• **Provided data**
Content starts
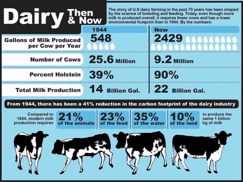 Ako dobro računam, danas više od duplo manje krava proizvodi gotovo pet puta više mlijeka. Di to može bit normalno? :-/
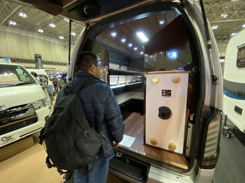 ハイエーススーパーロングをベースとしたバンコンながら10人乗車、5人就寝を実現している。その秘密は、2つの2段ベッド。通路を挟んで設けられたこの2段ベッドが、移動時は横座りで8人が座れるイスに、そして就寝時に真ん中の通路を埋めることで5人の就寝スペースとなる。片方だけを2段ベッドとして使い、片方は上段を畳みソファーとすれば、2人でくつろいで、そのまま寝られる2人旅にも便利なレイアウトだ。
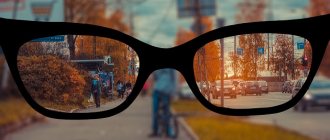 If myopia is present, the doctor will subtract the optical power of presbyopic lenses. However, clarification is always required. It is possible to understand exactly which diopters are suitable for the patient only after trying them on. For moderate and high myopia, you will need two pairs of glasses, which will have to be worn alternately. For convenience, it is better to choose multifocal contact lenses or bifocal glasses with several optical centers for vision at all distances.
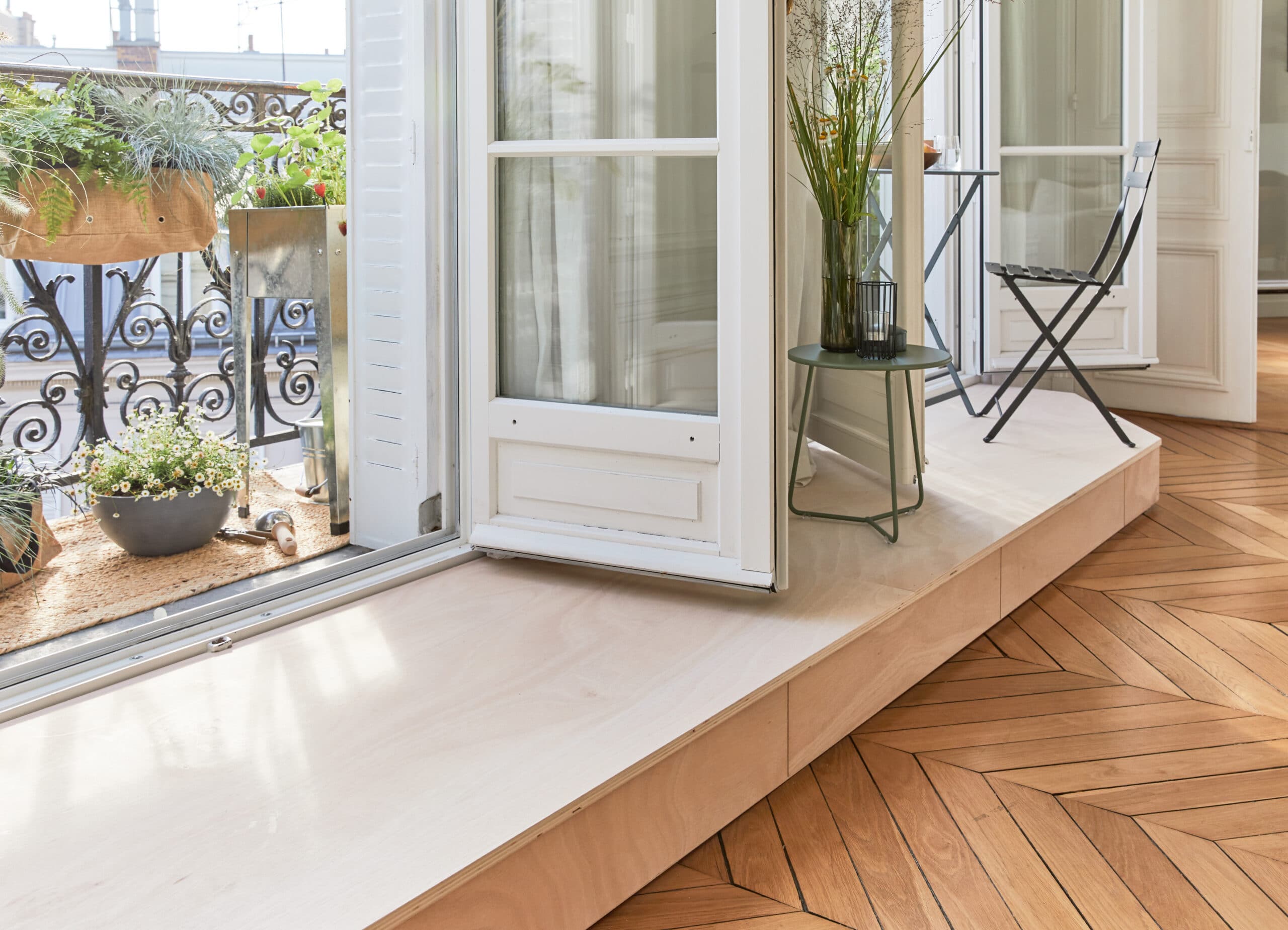 Salon de balcon, la bonne idée ? Jouer les prolongations dans le salon grâce à une estrade réalisée à l’intérieur.
Content ends
• **Exercise**
What you give back should be the full material above, retyped exactly, with every image removed.

• **Exercise solution**
 Ako dobro računam, danas više od duplo manje krava proizvodi gotovo pet puta više mlijeka. Di to može bit normalno? :-/
 ハイエーススーパーロングをベースとしたバンコンながら10人乗車、5人就寝を実現している。その秘密は、2つの2段ベッド。通路を挟んで設けられたこの2段ベッドが、移動時は横座りで8人が座れるイスに、そして就寝時に真ん中の通路を埋めることで5人の就寝スペースとなる。片方だけを2段ベッドとして使い、片方は上段を畳みソファーとすれば、2人でくつろいで、そのまま寝られる2人旅にも便利なレイアウトだ。
 If myopia is present, the doctor will subtract the optical power of presbyopic lenses. However, clarification is always required. It is possible to understand exactly which diopters are suitable for the patient only after trying them on. For moderate and high myopia, you will need two pairs of glasses, which will have to be worn alternately. For convenience, it is better to choose multifocal contact lenses or bifocal glasses with several optical centers for vision at all distances.
 Salon de balcon, la bonne idée ? Jouer les prolongations dans le salon grâce à une estrade réalisée à l’intérieur.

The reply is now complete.